◆ WHAT TO PRODUCE ◆
Copying exactly, give the lines in the material below from the one with "사진 속 대부분의 아기들은" to the one with "9.找到PYTHON3_NU", ends included, and nothing besides.

◆ INPUT ◆
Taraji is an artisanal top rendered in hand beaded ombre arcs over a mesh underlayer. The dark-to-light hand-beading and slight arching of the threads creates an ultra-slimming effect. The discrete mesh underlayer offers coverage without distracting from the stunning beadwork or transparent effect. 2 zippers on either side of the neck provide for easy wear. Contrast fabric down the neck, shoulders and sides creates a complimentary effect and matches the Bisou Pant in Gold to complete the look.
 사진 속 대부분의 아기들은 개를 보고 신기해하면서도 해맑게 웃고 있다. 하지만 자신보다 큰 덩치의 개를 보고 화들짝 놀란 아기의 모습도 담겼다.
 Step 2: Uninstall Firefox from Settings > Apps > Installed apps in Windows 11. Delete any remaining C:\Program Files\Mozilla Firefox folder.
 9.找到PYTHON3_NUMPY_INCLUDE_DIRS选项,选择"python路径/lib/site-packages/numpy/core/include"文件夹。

==

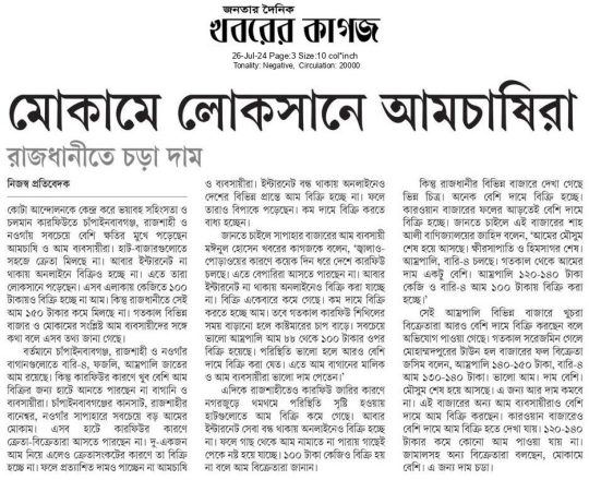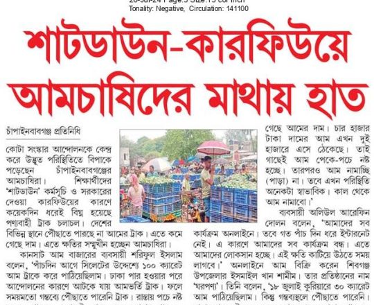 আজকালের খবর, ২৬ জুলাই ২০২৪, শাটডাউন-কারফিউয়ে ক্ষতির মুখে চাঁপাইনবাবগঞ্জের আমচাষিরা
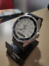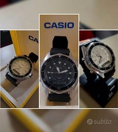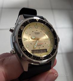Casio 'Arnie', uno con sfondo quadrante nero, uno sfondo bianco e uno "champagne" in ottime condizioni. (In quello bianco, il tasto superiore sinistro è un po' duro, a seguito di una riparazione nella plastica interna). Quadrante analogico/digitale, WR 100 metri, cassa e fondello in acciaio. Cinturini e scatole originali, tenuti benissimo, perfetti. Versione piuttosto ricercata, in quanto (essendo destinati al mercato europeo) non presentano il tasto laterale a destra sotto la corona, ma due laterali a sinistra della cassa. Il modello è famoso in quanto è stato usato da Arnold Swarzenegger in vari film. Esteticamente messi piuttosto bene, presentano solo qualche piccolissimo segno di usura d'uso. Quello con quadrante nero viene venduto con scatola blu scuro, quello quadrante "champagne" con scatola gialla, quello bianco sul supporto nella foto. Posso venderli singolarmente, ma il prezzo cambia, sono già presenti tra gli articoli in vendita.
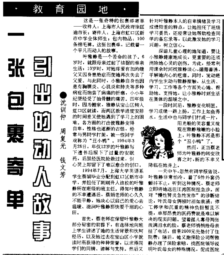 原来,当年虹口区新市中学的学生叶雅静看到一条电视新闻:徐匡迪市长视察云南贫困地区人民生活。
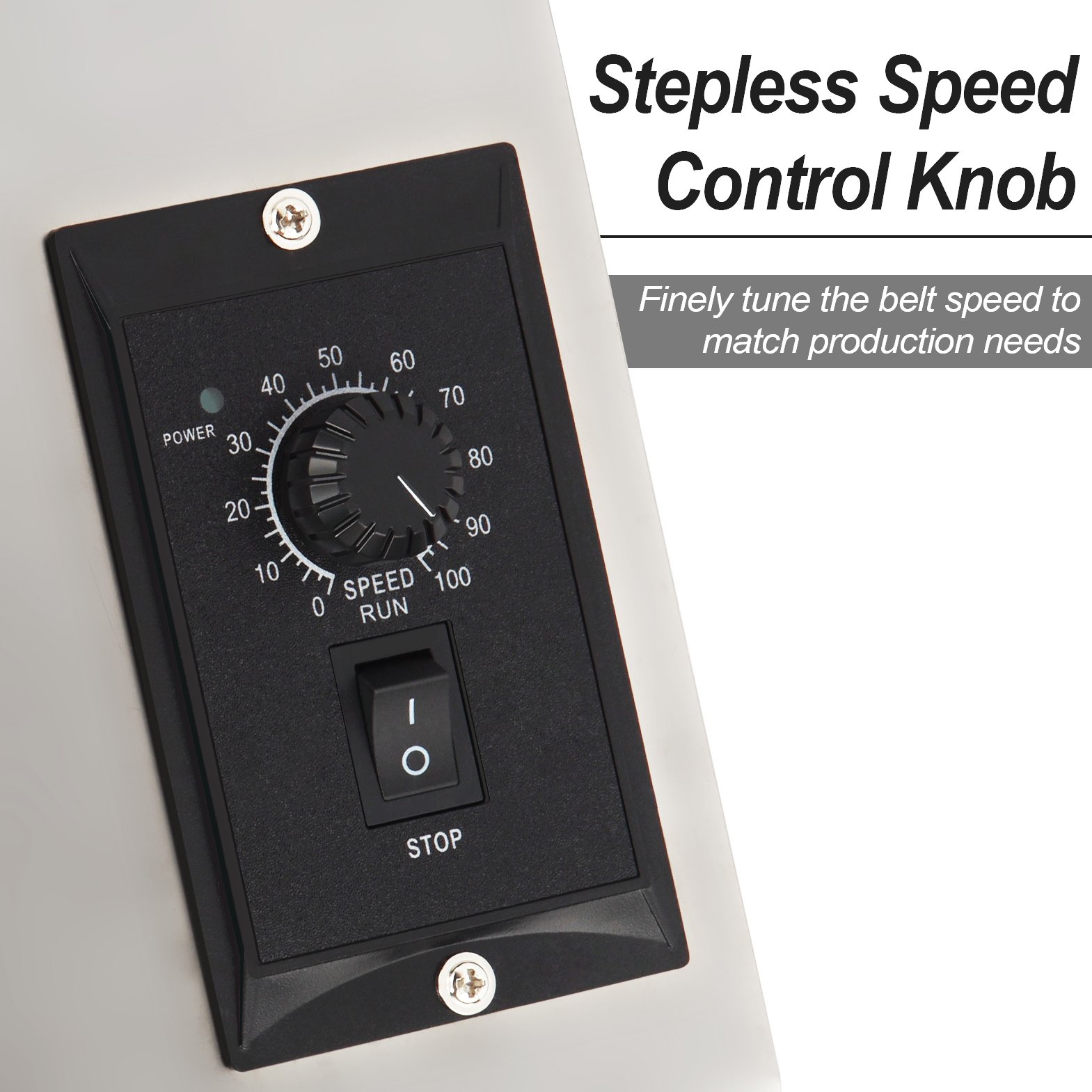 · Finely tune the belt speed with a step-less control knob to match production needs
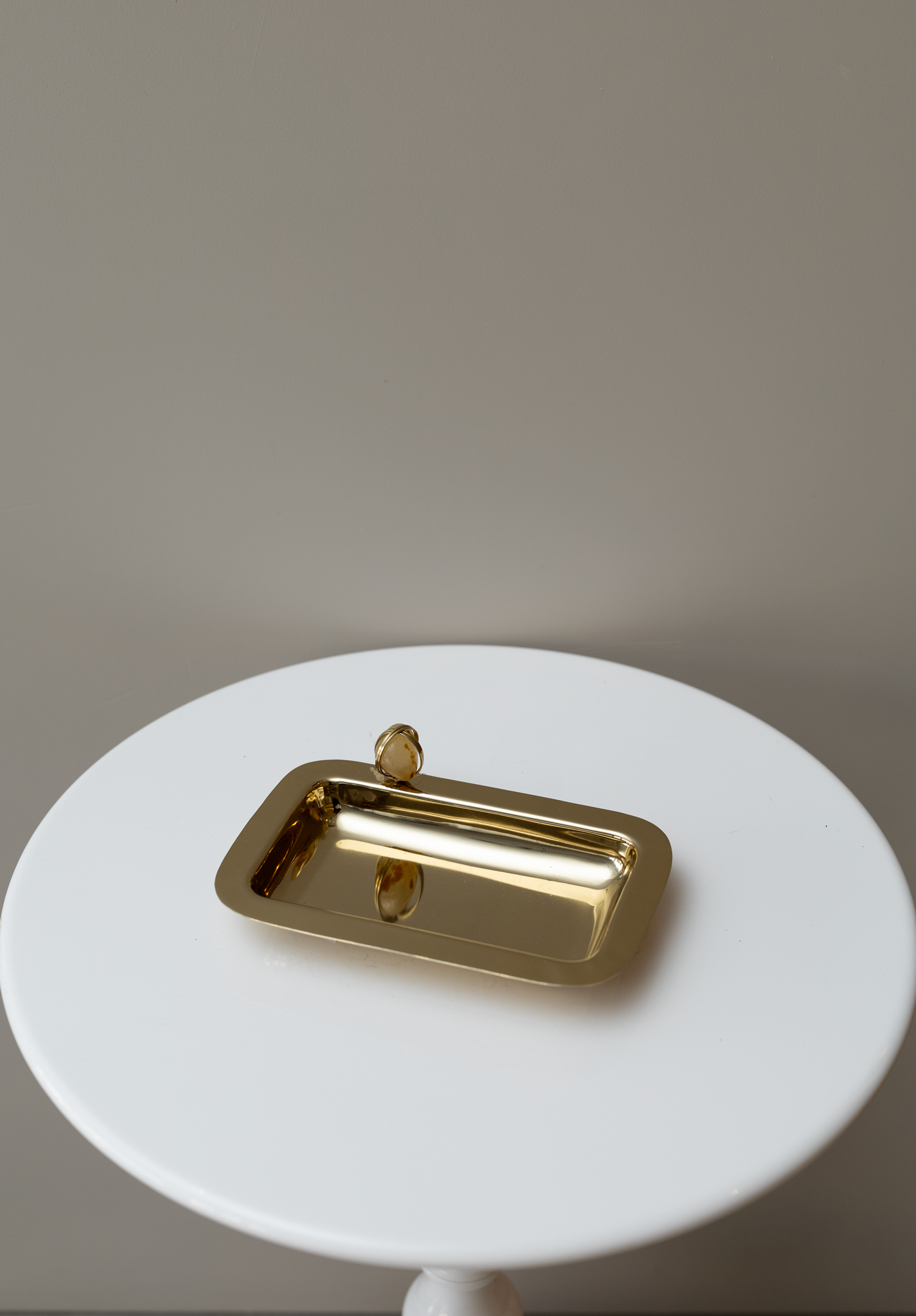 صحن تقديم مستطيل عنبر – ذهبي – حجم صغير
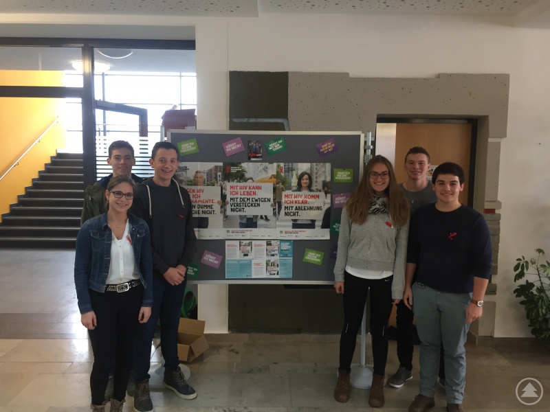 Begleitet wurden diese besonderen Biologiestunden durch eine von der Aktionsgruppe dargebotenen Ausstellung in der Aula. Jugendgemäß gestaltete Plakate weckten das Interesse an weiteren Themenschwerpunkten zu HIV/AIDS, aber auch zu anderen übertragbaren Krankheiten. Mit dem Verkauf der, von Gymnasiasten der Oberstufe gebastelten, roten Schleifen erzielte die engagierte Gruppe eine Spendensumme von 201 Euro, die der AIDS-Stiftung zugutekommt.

◆ REPLY TO THE TASK ◆
 사진 속 대부분의 아기들은 개를 보고 신기해하면서도 해맑게 웃고 있다. 하지만 자신보다 큰 덩치의 개를 보고 화들짝 놀란 아기의 모습도 담겼다.
 Step 2: Uninstall Firefox from Settings > Apps > Installed apps in Windows 11. Delete any remaining C:\Program Files\Mozilla Firefox folder.
 9.找到PYTHON3_NUMPY_INCLUDE_DIRS选项,选择"python路径/lib/site-packages/numpy/core/include"文件夹。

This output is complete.